Como o grau de mostarda é também o fermento, o Reino de Deus tem um começo modesto, mas um grande desenvolvimento. A imagem do fermento pode ser usada para designar um desenvolvimento bom (como aqui), ou ruim também, “um pouco de fermento leveda toda a massa” (1Cor 5,6; Gl 5,9, cf. Mc 8,15).

A novidade de Jesus é que não se inaugure o Reino de Deus num grande evento apocalíptico (cf. Mc 13p; Lc 17; 21), mas este reinado já começa pequeno, já está perto e atua no meio de nós (cf. Mc 1,15p; Lc 17,20-21) na pessoa de Jesus Cristo, no cotidiano da vida crista. Para Lc não só importa o início pequeno e o grande final, mas a fase do crescimento, todo o tempo da Igreja (cf. At 1,8 etc.).

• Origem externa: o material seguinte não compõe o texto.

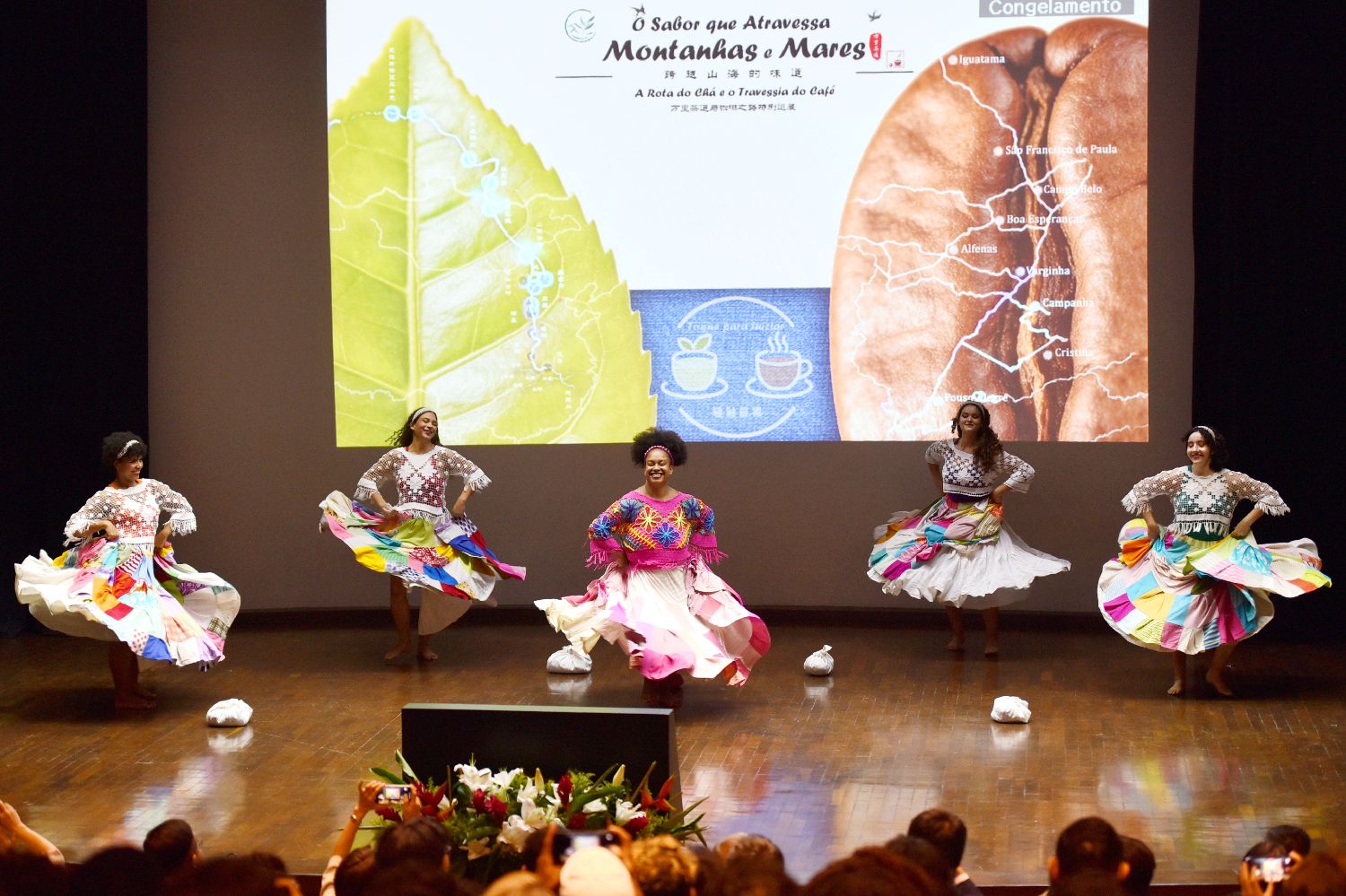 4月22日,巴西米纳斯吉拉斯联邦大学学子在《万里茶道与咖啡之路特别巡展》开幕式上表演舞蹈,展现巴西东南部风情。
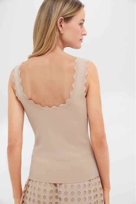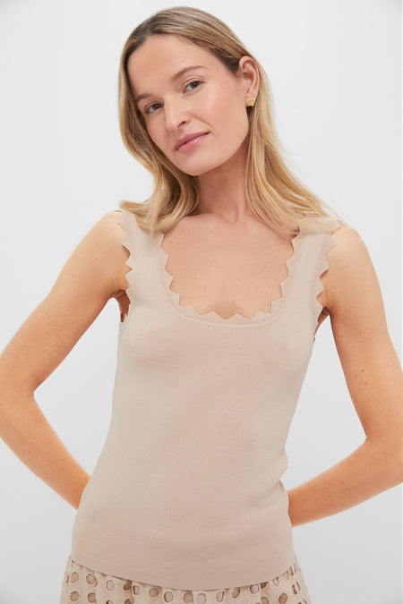 This tan tank may be an essential wardrobe staple, but it's anything but boring. Detailed with triangle ricrac trim at the neckline and shoulder straps, and made from a compression knit fabric that effortlessly flatters, this silhouette pairs well with just about anything. We are wearing it all the time, including under a blazer in the office, with wide leg denim for a retro date night look, or with a flowy maxi skirt when it's hot out!

Sem confundir o reino de Deus com a Igreja, podemos afirmar que o começo modesto e o crescimento enorme se verificaram: Um menino pobre em Belém estava no início de um movimento que evoluiu de doze apóstolos na periferia do Império para uma organização internacional, a Igreja Católica (católica significa para todos os povos), que hoje some mais de um bilhão de pessoas e junto com os outros “ramos” (Igrejas ortodoxos, protestantes,…) representa um terço da população do planeta.

O termo “fermento” foi usado pelo Concílio Vaticano II para caracterizar a missão própria dos leigos e leigas no meio da sociedade: Por vocação própria, compete aos leigos procurar o Reino de Deus tratando das realidades temporais e ordenando-as segundo Deus. Vivem no mundo, isto é, em toda e qualquer ocupação e atividade terrena, e nas condições ordinárias da vida familiar e social, com as quais é como que tecida a sua existência. São chamados por Deus para que, aí, exercendo o seu próprio ofício, guiados pelo espírito evangélico, concorram para a santificação do mundo a partir de dentro, como o fermento, e deste modo manifestem Cristo aos outros, antes de mais pelo testemunho da própria vida, pela irradiação da sua fé, esperança e caridade. Portanto, a eles compete especialmente, iluminar e ordenar de tal modo as realidades temporais, a que estão estreitamente ligados, que elas sejam sempre feitas segundo Cristo e progridam e glorifiquem o Criador e Redentor (LG 31).

O site da CNBB comenta: Muitas vezes falamos que o Reino de Deus é sobrenatural, mas queremos que ele se manifeste em coisas naturais grandiosas. Isto demonstra que na verdade vemos a sua grandiosidade, mas não percebemos a sua natureza, o que faz com que a grandiosidade seja vista a partir da materialidade, o que é um erro, e não a partir da grandiosidade que Deus faz a partir do pequeno, do grão de mostarda ou da levedura do fermento, ou seja, das pequenas coisas que surpreendem os que olham com o olhar da fé a realidade. Deus escolhe as coisas pequenas do mundo para revelar o Reino, e nos mostra a força do seu braço a partir das transformações que os pequenos realizam no dia a dia.